Three summers ago, I was headed out to the garage, excited to be taking our son to his first swim lesson of the year, to be followed by a poolside bbq at a friend’s house. I looked back over my shoulder into the kitchen to make sure I had gotten everything, misjudged the one and only step down to the cement garage floor, turned my foot sideways as I landed and heard the bone snap in my foot.  A-Go-Nee.  wowza pain.  Holy guacamole.  ER dr. said it was the cleanest break he’d ever seen, showing that I had really strong bones.  He couldn’t have CUT it that cleanly.  Yep, I’m from Wisconsin; land of the dairy cow.  I’m a certifiable cheesehead.  Made perfect sense.  Well, here’s the problem.  My strong bone healed beautifully.  However, it made too much bone.  I had an extension of bone sticking out the side of my foot like a little spur.  Had to get rid of some shoes that hit that spot and was told I could have it trimmed down if things became too painful.   Got on with life, always knowing immediately if a shoe would be work or not.  That’s the little tip I just had an inkling that I had broken off.  I couldn’t feel it through all of the swelling, but there was a LOT of swelling.

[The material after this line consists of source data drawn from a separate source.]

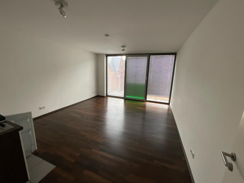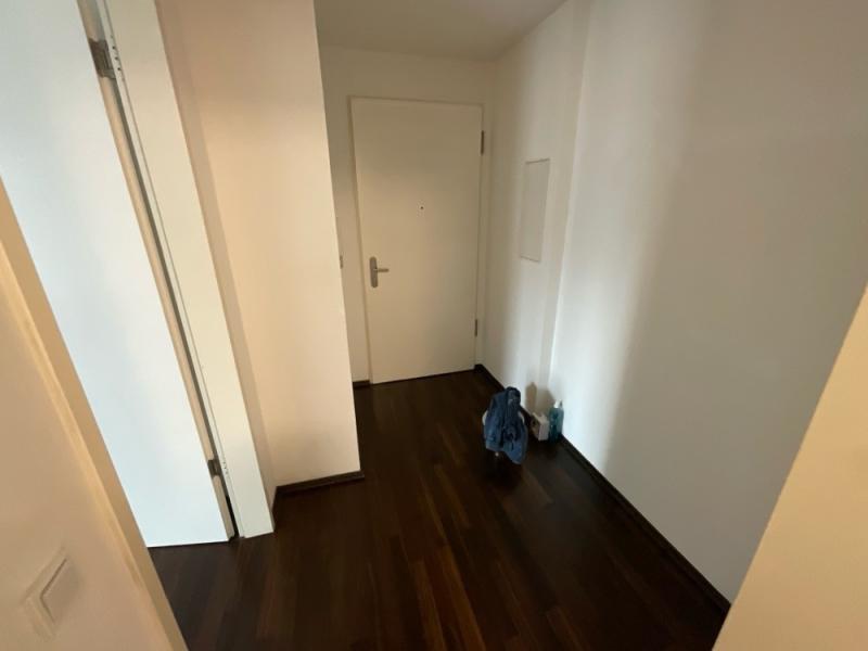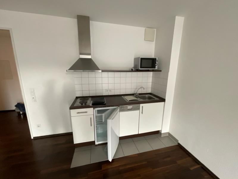 Ein kleiner Flur führt in die Wohnung. Der Wohnraum ist dank der großen Fensterfront angenehm hell und bietet zudem eine kleine Küchenzeile. Moderner Designbelag in Holzoptik und eine offene Raumgestaltung schaffen ein zeitgemäßes Ambiente.
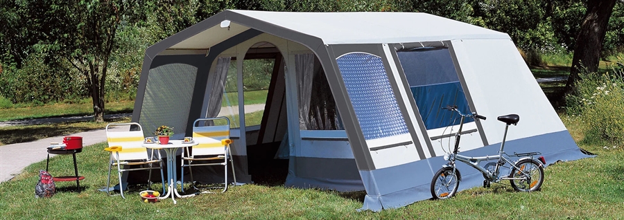 Zeltgewebe, Gestänge, Innenzelte, Gardinen und Abspannmaterial.
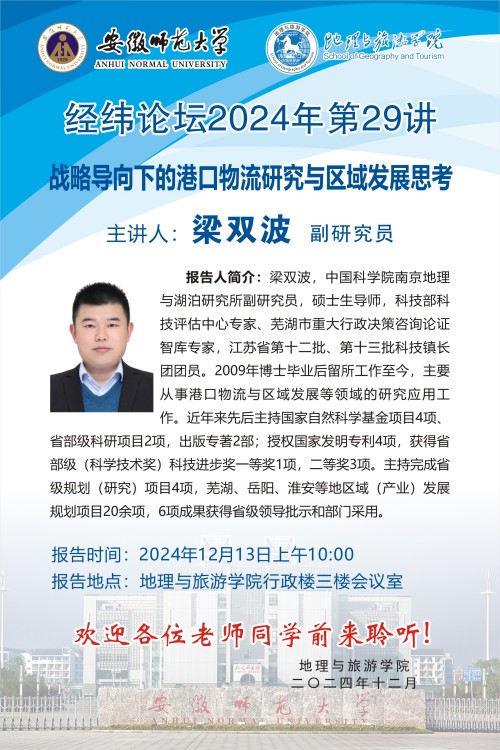 【学术预告】经纬论坛第61讲:战略导向下的港口物流研究与区域发展思考
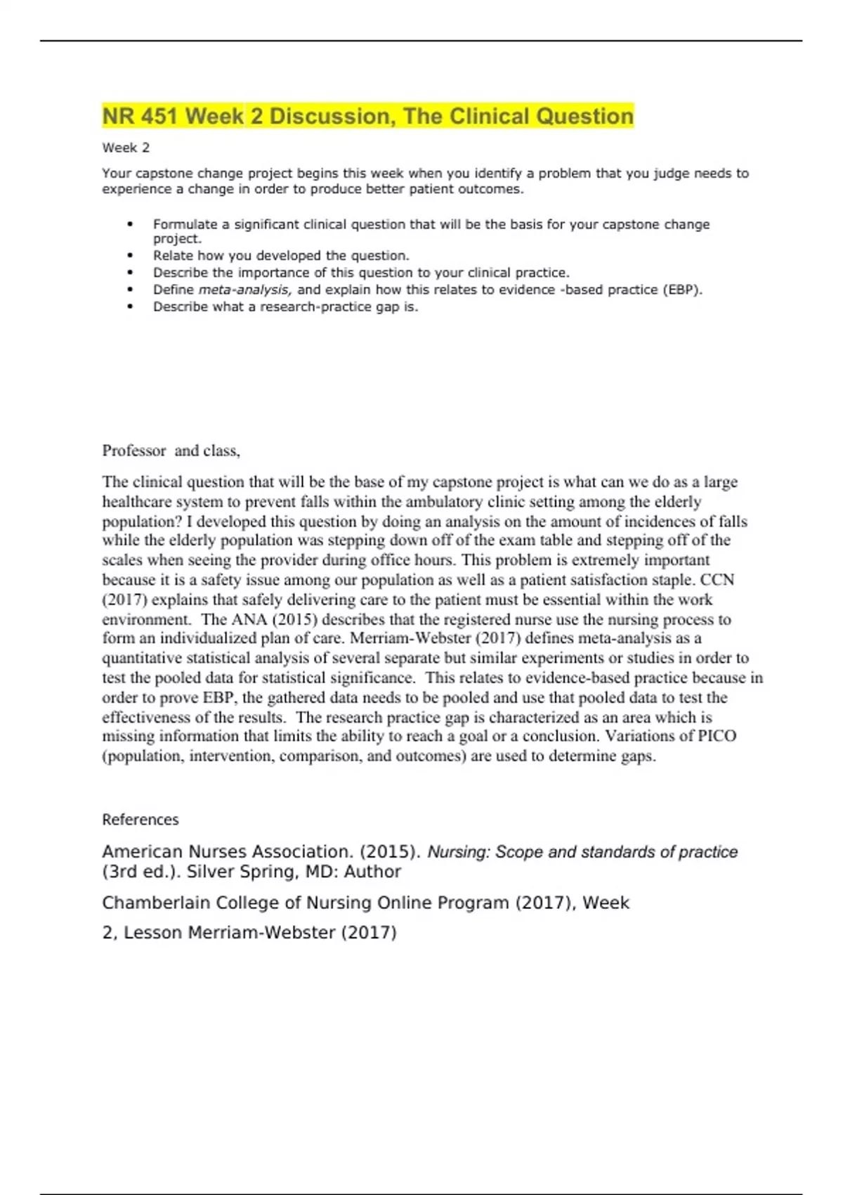 NR 451 Week 2 Discussion, The Clinical Question Week 2 Your capstone change project begins this week when you identify a problem that you judge needs to experience a change in order to produce better patient outcomes. • Formulate a significant clinical question that will be the basis for your capstone change project. • Relate how you developed the question. • Describe the importance of this question to your clinical practice. • Define meta-analysis, and explain how this relates to evidence -based practice (EBP). • Describe what a research-practice gap is. Professor and class, The clinical question that will be the base of my capstone project is what can we do as a large healthcare system to prevent falls within the ambulatory clinic setting among the elderly population? I developed this question by doing an analysis on the amount of incidences of falls while the elderly population was stepping down off of the exam table and stepping off of the scales when seeing the provider during office hours. This problem is extremely important because it is a safety issue among our population as well as a patient satisfaction staple. CCN (2017) explains that safely delivering care to the patient must be essential within the work environment. The ANA (2015) describes that the registered nurse use the nursing process to form an individualized plan of care. Merriam-Webster (2017) defines meta-analysis as a quantitative statistical analysis of several separate but similar experiments or studies in order to test the pooled data for statistical significance. This relates to evidence-based practice because in order to prove EBP, the gathered data needs to be pooled and use that pooled data to test the effectiveness of the results. The research practice gap is characterized as an area which is missing information that limits the ability to reach a goal or a conclusion. Variations of PICO (population, intervention, comparison, and outcomes) are used to determine gaps. References American Nurses Association. (2015). Nursing: Scope and standards of practice (3rd ed.). Silver Spring, MD: Author Chamberlain College of Nursing Online Program (2017), Week 2, Lesson Merriam-Webster (2017)
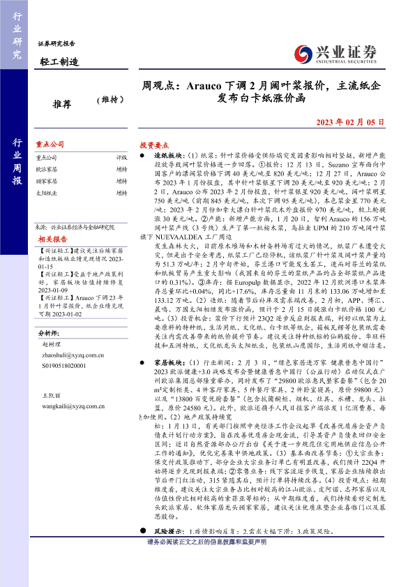 【兴业证券】【20230205】轻工制造周观点:Arauco下调2月阔叶浆报价,主流纸企发布白卡纸涨价函-21页
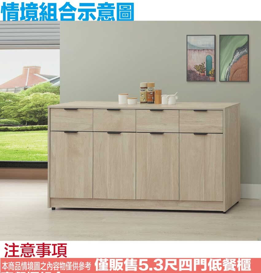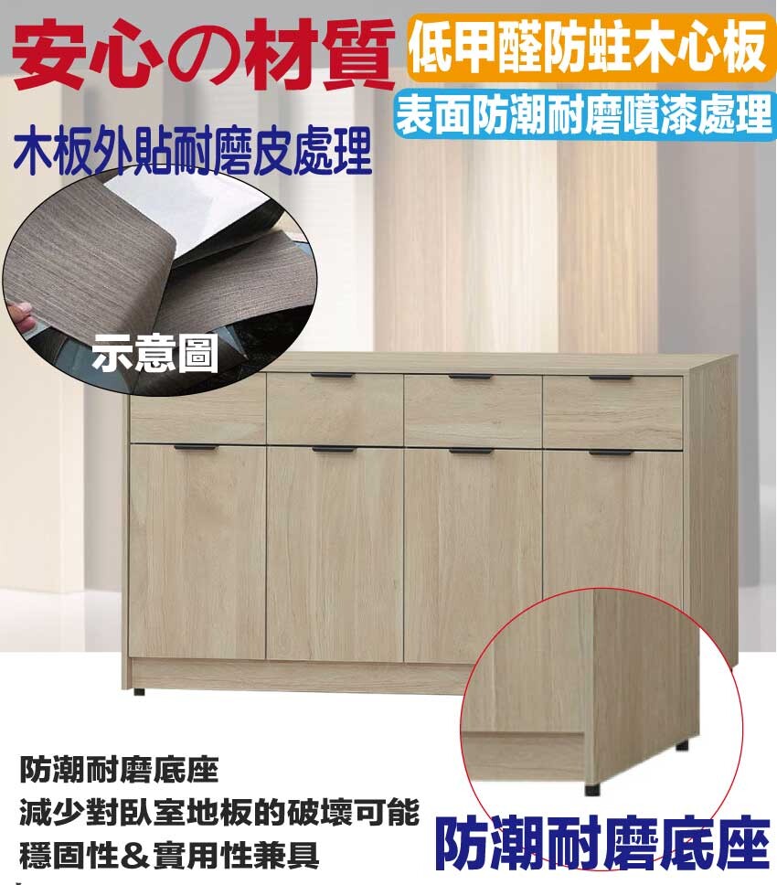 【綠家居】畢克爾5.3尺四門四抽低餐櫃 橡木紋色系+安心材質製造,使用放心+搭配居家更便利,採用防蛀木心板+防潮耐磨底座+防夾手緩衝門片五金+五金滑軌結構等安心材質製造 ,外層採用防潮耐磨噴漆處理搭配採用開門櫃+四抽屜+內開放層格等收納空間設計,全由專人配送到家,專業安心服務,替你省下更多時間!

All weekend I had wrapped my foot, iced it, elevated it, didn’t do so good with resting it, and went to my podiatrist yesterday just to make sure I was ok.  I could walk on it.  BUT there it was on the x-ray, just a bit away from the bigger bone. Dr. wasn’t too concerned about that little piece of bone.  He’s worried about the tendon that attaches right at that point.  One of two major tendons in the foot.  Holy crappola.  I’m now wearing a boot cast, using two crutches, not allowed to walk on it, for three long weeks.  I’ll go back after those three weeks to see if there’s tendon damage, meaning surgery.  ohmygoodness.  Just because of stupid sweet gum balls.  Yep, I really hate sweet gum trees, even though they’re so pretty in the fall.  Their seeds suck.